Monique Genton: Stroke
Artist(s):
Title:
- Stroke
Exhibition:
Creation Year:
- 1996
Medium:
- Ink and acrylic on hardboard, mounted on a 1.5" wooden frame
Size:
- 40" x 40" x 1.5"
Category:
Keywords:
Artist Statement:
Old illustrational photographs are digitally manipulated then richly glazed with coloured paint to suggest: skin, touch, sensuality, and emotion. Those human elements are of particular interest, not only because science’s knowledge hierarchy assigns data acquired through the mind and eye the highest credibility, and data acquired through the sensual body, the least, but also because the latter have historically been devalued as ‘feminine’ ways of knowing the world.

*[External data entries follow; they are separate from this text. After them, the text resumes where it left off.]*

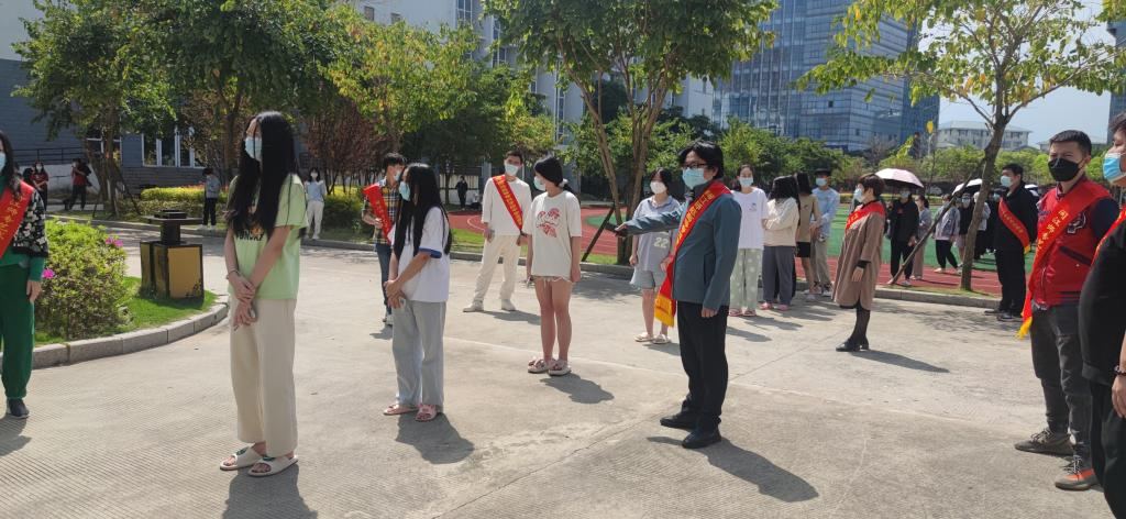 学院学工团队的党员教师们心系学生健康,守护学生安全,实行全员坐班制,第一时间投入疫情防控第一线。在校园封闭式管理期间,辅导员班主任下沉一线,与学生同吃同住,舍小家为大家,用实际行动践行党员教师的责任担当。在旗山校区,每日清晨,学院学生党支部书记、团委书记、学工负责人周宇航老师在群里发布当日卫健委最新通告和工作提示,带领辅导员们投入新一轮的“数战数决”。在甘蔗校区,教师党支部组织委员、甘蔗校区学生科长林隽永以校为家,连续十几天坚守岗位,组织班主任登记晨午晚检、摸排学生健康状况、更新学生“一人一档”、下宿舍检查安全和卫生情况......不舍昼夜,持续战斗。
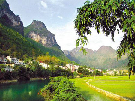 巴馬長壽村盤陽河逶迤地流淌,串起了一個個小村落
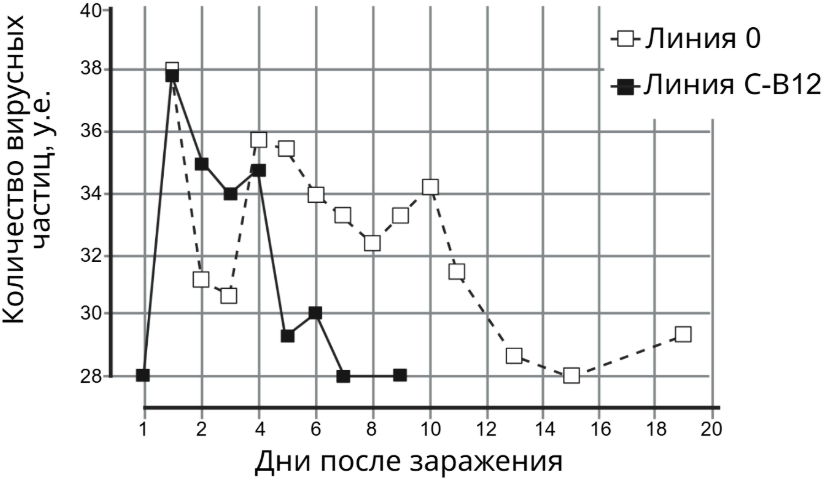 3) У птиц линии С-В12 после первого контакта с птицами линии 0 количество вирусных частиц уменьшается, а затем увеличивается.
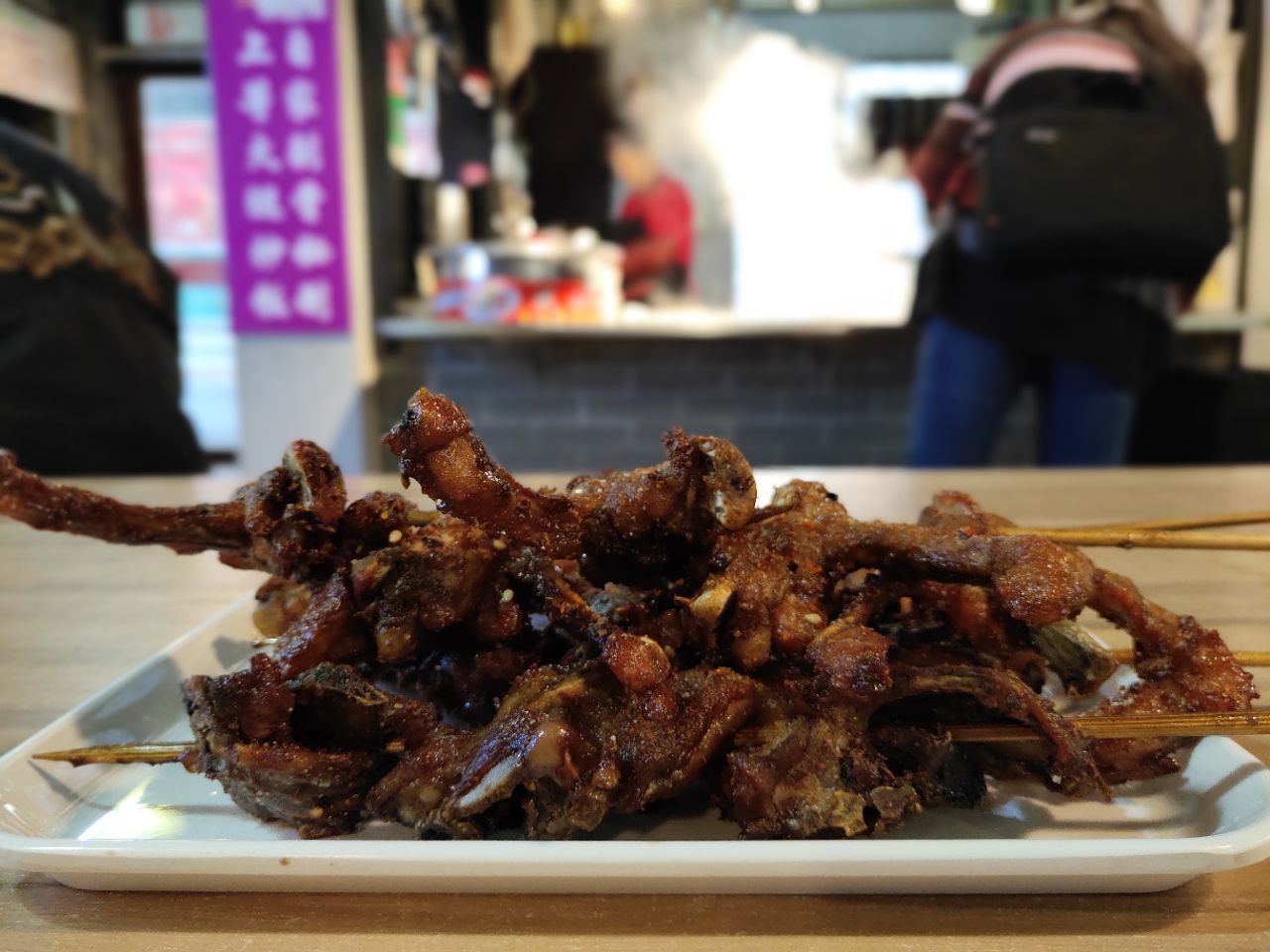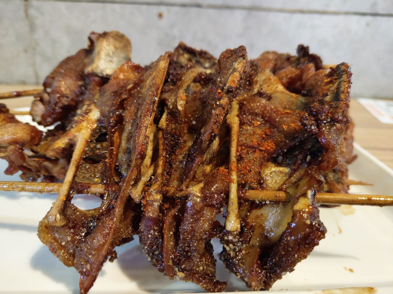 [机智]发现好吃的QQ鸡架[拔草] ⭐正通美食城里面的一家档口 ⭐比起旁边几家这里是非常干净了 ⭐鸡叉骨和鸡架都串成利索的一串,没有多余的血水碎肉 ⭐鸡叉骨一串4个5元钱,鸡架三块2.5元 ⭐炸熟后的宝贝们散发着焦糖的香味 ⭐肉肉熟透边角有点焦酥,最爱这焦酥微甜的口感,一点点撕下来吃,跟吃鸡腿完全不一样的幸福感[爱心][爱心][爱心] [机智]拿2个鸡腿跟我换我都不换[亲亲]
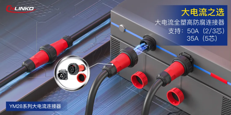 如果您正在尋找一款最高額定電流50A以內(nèi)的工業(yè)級高可靠大電流連接器,不妨了解下凌科這款YM28系列大電流防水連接器產(chǎn)品!

Together, the photos and paint create dialectic montages of human/photomechanical, soft/hard, subject/object, etc. Despite their technological mediation and their dry, didactic origin, the reified figures reveal human complexity and the transient nature of thought.

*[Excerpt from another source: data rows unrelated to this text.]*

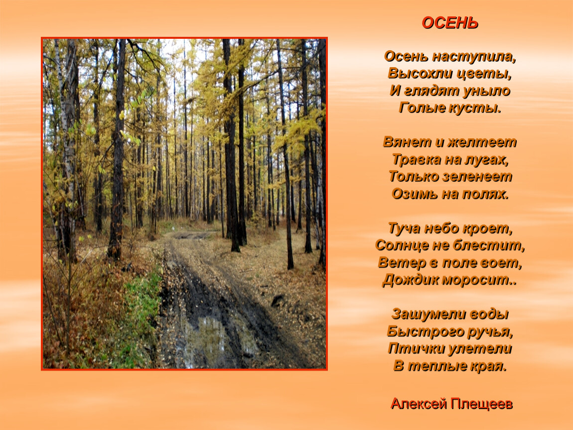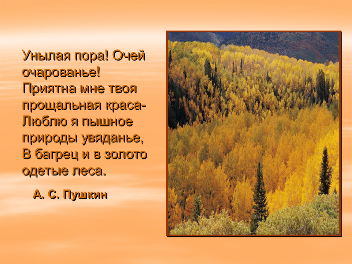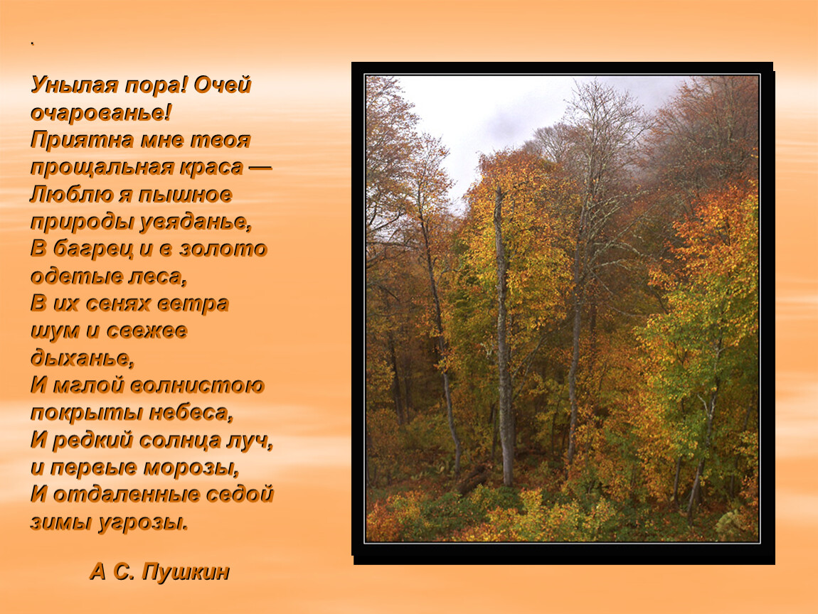 Унылая пора! Очей очарованье!Приятна мне твоя прощальная краса-Люблю я пышное природы увяданье,В багрец и в золото одетые леса.
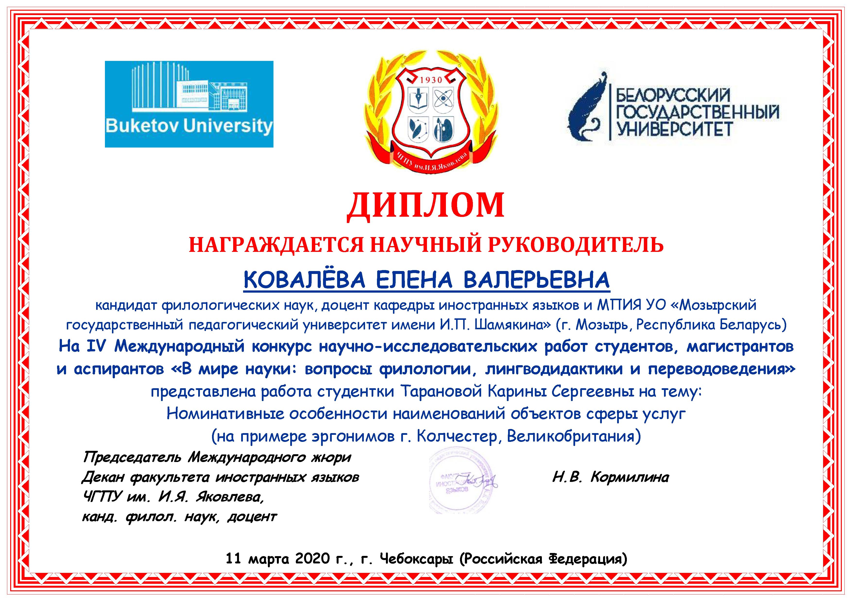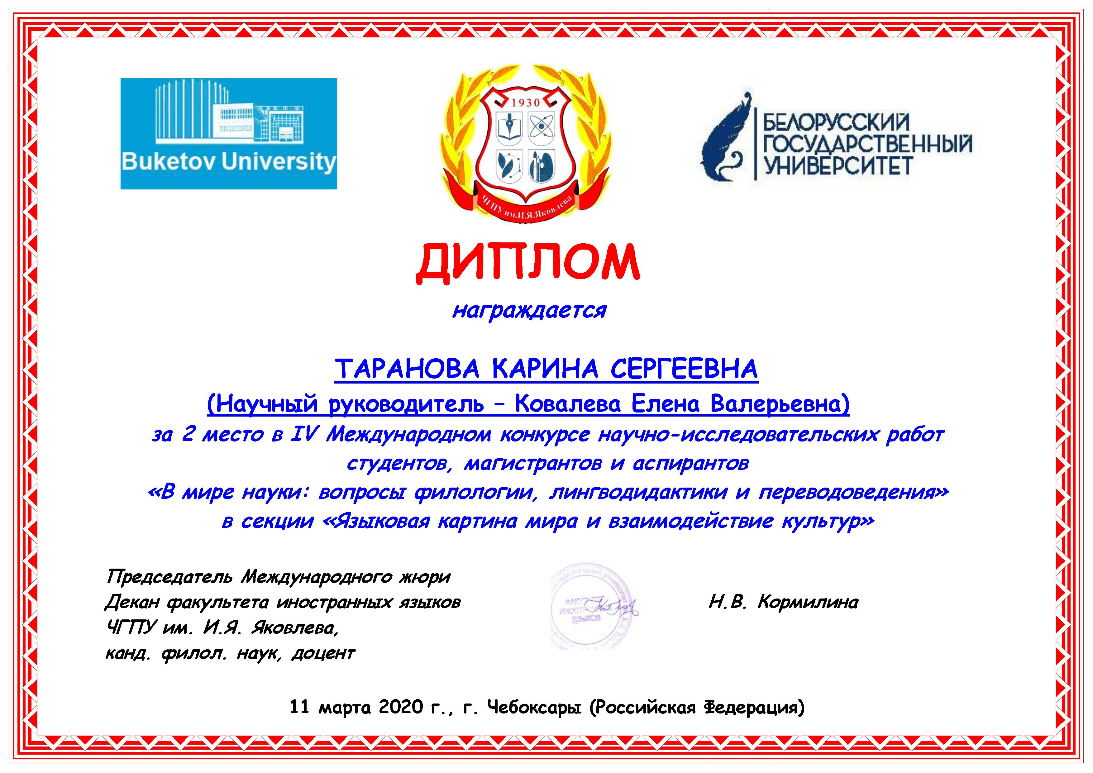 11 марта 2020 года факультет иностранных языков Чувашского государственного педагогического университета имени И. Я. Яковлева совместно с факультетом иностранных языков Карагандинского государственного университета им. академика Е.А. Букетова и кафедрой теории и практики перевода Белорусского государственного университета проводил IV заочный Международный конкурс научно-исследовательских работ студентов, магистрантов и аспирантов «В мире науки: вопросы филологии, лингводидактики и переводоведения».
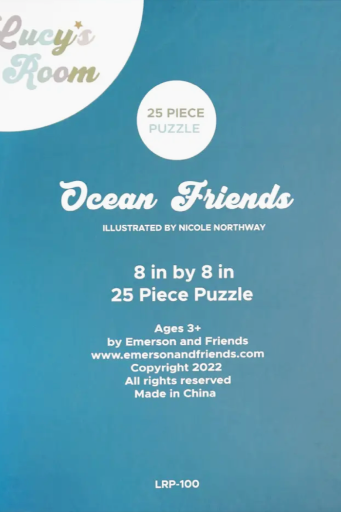 Little Ones will love our NEW Ocean friends puzzle from Lucy's Room, featuring characters from the Manatee and Ocean Friends Emerson and Friends prints and the Ocean Friends board book from Lucy's Room. This puzzle is a fun and engaging way to learn about the types of animals that live in the ocean.

I am interested in textbook illustrations and the scientific rhetorical strategies they employ to make distant, to universalize, and to dehumanize their subjects – all in the name of objective truths. The subjects in this series are unnamed women demonstrating various swimming techniques in an old swimming manual. When I first saw these illustrations, I was struck with what they did not address: individuality, the sensual body in water, sensations of temperature, fear, etc. In response, my mixed-media work undermines the conceit of scientific representation by re-investing human qualities and individual narratives.